# Csv



## Kingroi (May 14, 2017)

I am a graduate honours in investment with 6 years experience,i want apply for critical skill but don't know what professional body to registered with . I have an offer of employment as a credit analysts in South Africa 
Please any advice welcome since my employer is making me pressure to start working as soon as possible 
Thanks


----------



## J9243 (May 16, 2017)

Hi Kingroi,

I am financial manegament honours graduate and in my CSV application I had to be registered with a profesional body that is related to my studies and the natural choice for me was to register with the CIMA (Chartered institute of Management Accountant). I believe that investment honours would naturally registe for a membership with CFA (chartered financial analyst).

However you can registered to any other profesional body that is recognized in South Africa.


----------



## Kingroi (May 14, 2017)

Thank you . I have apply with the IRMSA and my position offered is junior analyst corporate debt .some immigration lawyers are confusing me some are telling me is not the relevant body for financial investment advisor. That irmsa goes with actuarial and risk assessor 
I past my cfa level one this year but is it possible for cfa to write the letter to home affair ? To have full membership with cfa I must past level 3


----------



## J9243 (May 16, 2017)

Kingroi said:


> Thank you . I have apply with the IRMSA and my position offered is junior analyst corporate debt .some immigration lawyers are confusing me some are telling me is not the relevant body for financial investment advisor.

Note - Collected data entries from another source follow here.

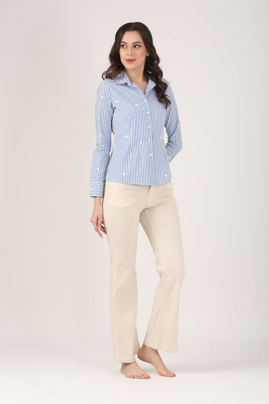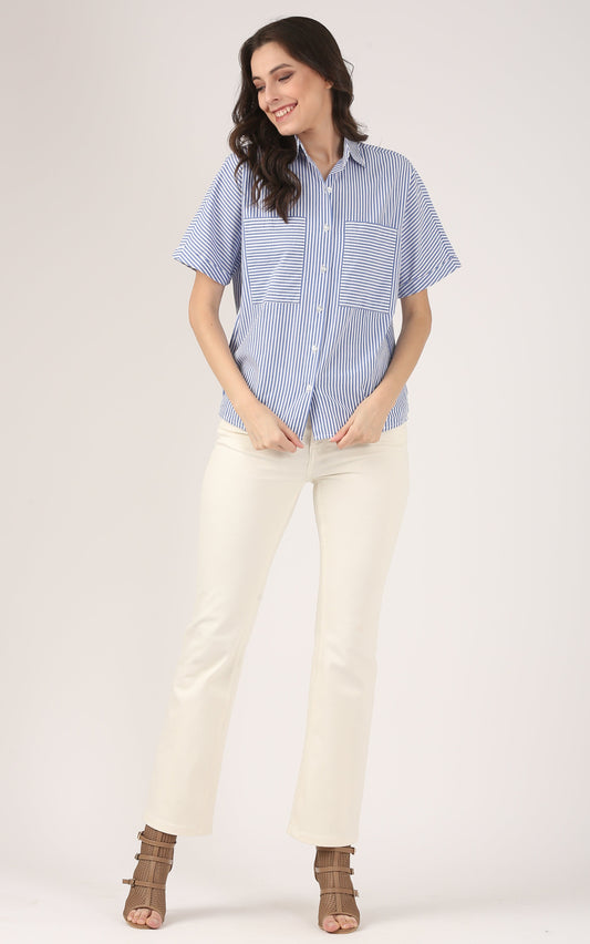 Cotton Brown Striped Embroidered Short Sleeve Shirt
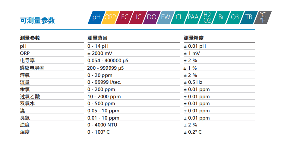 可定制雙參數 PH+ORP;雙參數PH+余氯;三參數PH+ORP+余氯;四參數PH+ORP+余氯+濁度;五參數PH+ORP+余氯+濁度+溫度
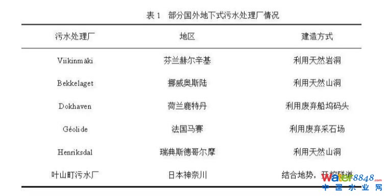 在人口密度更高,城市用地更為緊張,社會(huì)經(jīng)濟(jì)更加發(fā)達(dá)的一些歐美、日本等國家(圖5),地下式污水處理廠并非遍地開花,幾乎是鳳毛麟角。此外,國外少有的一些地下式污水處理廠案例(表1)中,其建設(shè)選址、緣由也非盲目跟風(fēng),主要是充分利用天然山洞、廢棄地下建筑等地形順勢而為,因此而大大減少了建設(shè)所需的工程量?梢姡叵挛鬯幚韽S的建設(shè)應(yīng)因地制宜,不應(yīng)盲目跟風(fēng)。
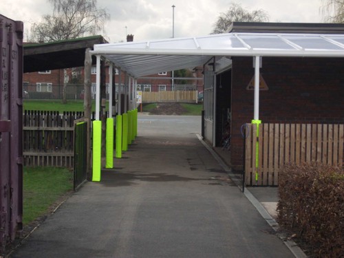 Able Canopies offer free post pads with all wall mounted canopies which are available in 15 different colours. St Nicholas Catholic Primary School chose to have fluorescent yellow post Pads.
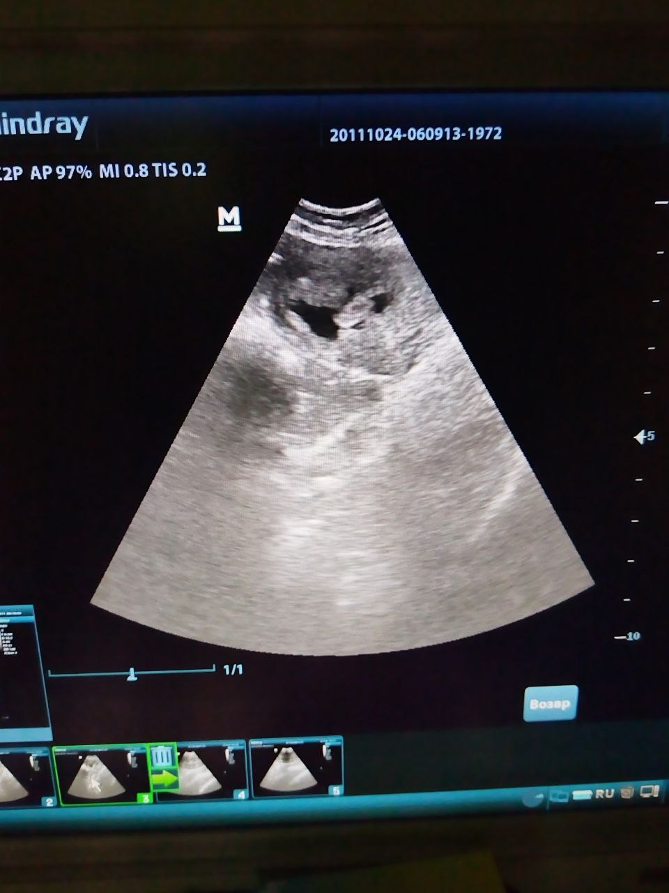 Владельцы собаки по кличке Гоша, возраст 9 лет, обратились в участковую ветеринарную лечебницу ОГУ «Саратовская межрайСББЖ» с жалобами на апатию, задержку мочеиспускания у своего питомца. Во время ультразвуковой диагностики ветеринарные специалисты обнаружили у животного отслойку стенки мочевого пузыря. Было назначено симптоматическое лечение (антибиотикотерапия, спазмалитики, кровоостанавливающие и обезболивающие препараты) и плановое УЗИ в динамике через 10-14 дней после проведенного лечения.
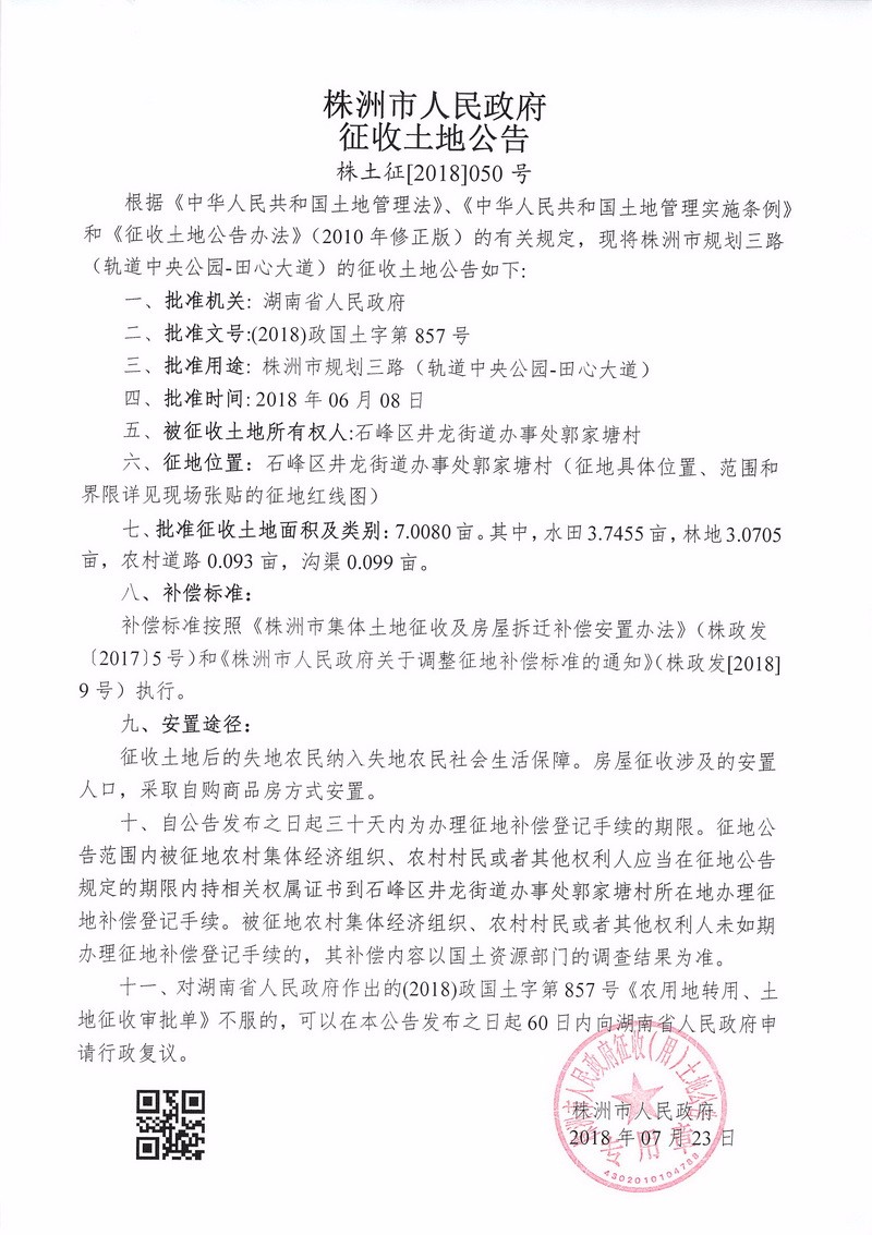 征收土地公告--株洲市规划三路(轨道中央公园--田心大道)
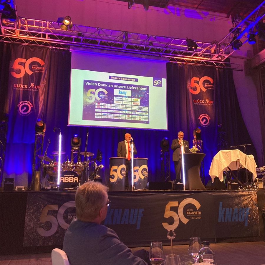 FLECK hat die Jubiläumsfeier von BAUVISTA mit einem Sponsoring unterstützt. Hier im Bild: Johannes Häringslack (l.) und Jörg Kronenberg (r.), Geschäftsführer der BAUVISTA, bei der Eröffnungsrede.

That irmsa goes with actuarial and risk assessor
> I past my cfa level one this year but is it possible for cfa to write the letter to home affair ? To have full membership with cfa I must past level 3


The immigration lawyer might be right because Home affairs provide a list of professional bodies. My professional body CIMA is not listed, however they're recognised by a profesional body in the list called FASSET (Finance and Accounting Services Sector Education and Training Authority). So try and find out if the professional body you're using is FASSET certified.

You can find the list on pg24 of the pdf document. Search for "immigration critical skills pdf" on Google and the first result should lead you to the pdf file.


----------